Sunday, 24 June 2018

Insecure Permissions in GIMP - CVE-2018-12713

Hi Internet,


Summary: GIMP through 2.10.2 makes g_get_tmp_dir calls to establish temporary filenames, which may result in a filename that already exists, as demonstrated by the gimp_write_and_read_file function in app/tests/test-xcf.c. This might be leveraged by attackers to overwrite files or read file content that was intended to be private.
Img Src:

While having a look on GIMP code I observed that,
File  which was;
filename = g_build_filename (g_get_tmp_dir (), "gimp-test.xcf", NULL);
The function with 'getenv("TMP")';it returns untrustable input. This issue was reported to GNOME GIMP team and a patch was pushed.

   GimpImage           *image;
   GimpImage           *loaded_image;
   GimpPlugInProcedure *proc;
-  gchar               *filename;
+  gchar               *filename = NULL;
+  gint                 file_handle;
   GFile               *file;
   /* Create the image */
@@ -311,7 +312,9 @@ gimp_write_and_read_file (Gimp     *gimp,
   /* Write to file */
-  filename = g_build_filename (g_get_tmp_dir (), "gimp-test.xcf", NULL);
+  file_handle = g_file_open_tmp ("gimp-test-XXXXXX.xcf", &filename, NULL);
+  g_assert (file_handle != -1);
+  close (file_handle);
   file = g_file_new_for_path (filename);
   g_free (filename);
Not sure this is really solving the issue reported, which is that `g_get_tmp_dir()` uses environment variables (yet as g_file_open_tmp() uses g_get_tmp_dir()…). But at least g_file_open_tmp() should create unique temporary files, which prevents overriding existing files (which is most likely the only real attack possible here, or at least the only one I can think of unless some weird vulnerabilities exist in glib) CVE-2018-12713 was assigned to this issue.

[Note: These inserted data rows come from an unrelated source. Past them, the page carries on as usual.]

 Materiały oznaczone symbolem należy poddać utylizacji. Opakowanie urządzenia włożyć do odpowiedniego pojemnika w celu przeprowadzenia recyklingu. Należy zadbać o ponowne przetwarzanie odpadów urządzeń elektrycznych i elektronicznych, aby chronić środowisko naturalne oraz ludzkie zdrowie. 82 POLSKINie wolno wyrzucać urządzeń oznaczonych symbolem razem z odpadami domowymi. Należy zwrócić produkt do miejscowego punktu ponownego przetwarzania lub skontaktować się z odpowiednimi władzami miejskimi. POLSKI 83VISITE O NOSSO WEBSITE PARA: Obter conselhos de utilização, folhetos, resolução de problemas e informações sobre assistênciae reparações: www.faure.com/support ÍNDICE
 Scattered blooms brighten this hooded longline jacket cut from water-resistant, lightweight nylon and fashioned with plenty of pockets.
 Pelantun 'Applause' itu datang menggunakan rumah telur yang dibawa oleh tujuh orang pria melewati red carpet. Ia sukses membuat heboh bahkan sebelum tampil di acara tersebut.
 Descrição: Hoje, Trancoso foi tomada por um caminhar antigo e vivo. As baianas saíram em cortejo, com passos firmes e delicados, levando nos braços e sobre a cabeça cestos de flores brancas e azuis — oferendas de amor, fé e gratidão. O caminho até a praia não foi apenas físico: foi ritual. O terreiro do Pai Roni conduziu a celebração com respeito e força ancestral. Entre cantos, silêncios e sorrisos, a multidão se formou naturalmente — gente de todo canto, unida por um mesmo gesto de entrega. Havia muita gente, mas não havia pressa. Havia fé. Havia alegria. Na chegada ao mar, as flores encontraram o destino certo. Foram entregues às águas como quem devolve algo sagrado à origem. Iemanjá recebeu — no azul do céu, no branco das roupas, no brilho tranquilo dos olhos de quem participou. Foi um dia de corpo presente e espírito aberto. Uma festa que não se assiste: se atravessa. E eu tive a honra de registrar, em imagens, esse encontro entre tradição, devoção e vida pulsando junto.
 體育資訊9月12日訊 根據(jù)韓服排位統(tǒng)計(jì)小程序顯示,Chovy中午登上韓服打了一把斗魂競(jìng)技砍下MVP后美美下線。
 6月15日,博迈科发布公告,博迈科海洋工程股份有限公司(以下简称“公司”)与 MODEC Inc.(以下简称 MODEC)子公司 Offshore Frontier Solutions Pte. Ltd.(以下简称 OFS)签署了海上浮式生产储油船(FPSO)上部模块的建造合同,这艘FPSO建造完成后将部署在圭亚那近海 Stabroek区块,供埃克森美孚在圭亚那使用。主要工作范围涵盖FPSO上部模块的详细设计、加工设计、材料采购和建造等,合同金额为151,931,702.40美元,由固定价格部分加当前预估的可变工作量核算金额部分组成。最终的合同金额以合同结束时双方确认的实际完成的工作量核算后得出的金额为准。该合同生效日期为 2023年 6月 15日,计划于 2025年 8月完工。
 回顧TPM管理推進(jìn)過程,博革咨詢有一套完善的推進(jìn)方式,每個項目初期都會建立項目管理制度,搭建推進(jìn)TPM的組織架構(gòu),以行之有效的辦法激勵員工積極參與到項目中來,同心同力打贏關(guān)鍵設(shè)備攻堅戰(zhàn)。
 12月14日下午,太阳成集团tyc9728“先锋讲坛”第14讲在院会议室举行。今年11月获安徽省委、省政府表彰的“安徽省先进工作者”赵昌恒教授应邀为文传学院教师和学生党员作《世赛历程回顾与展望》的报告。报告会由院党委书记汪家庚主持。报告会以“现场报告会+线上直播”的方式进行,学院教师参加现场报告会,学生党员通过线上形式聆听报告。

  1. Hey, this code been using only during tests, its not part of the application at all :)

  2. To be clear, to the best of my knowledge this ‘vulnerability’ only exists in unit tests, which are not (and never have been) shipped to users. This ‘vulnerability’ does not affect users. I don’t think it warrants a CVE number.

    I believe that labelling and promoting vulnerabilities which don’t actually affect users detracts from the ones we actually need to care about. Please don’t do that. Save your efforts for things which actually have an impact.

  3. ... and how is that title related to the issue? "Insecure permissions" would match rather that issue with access(), and not really this one.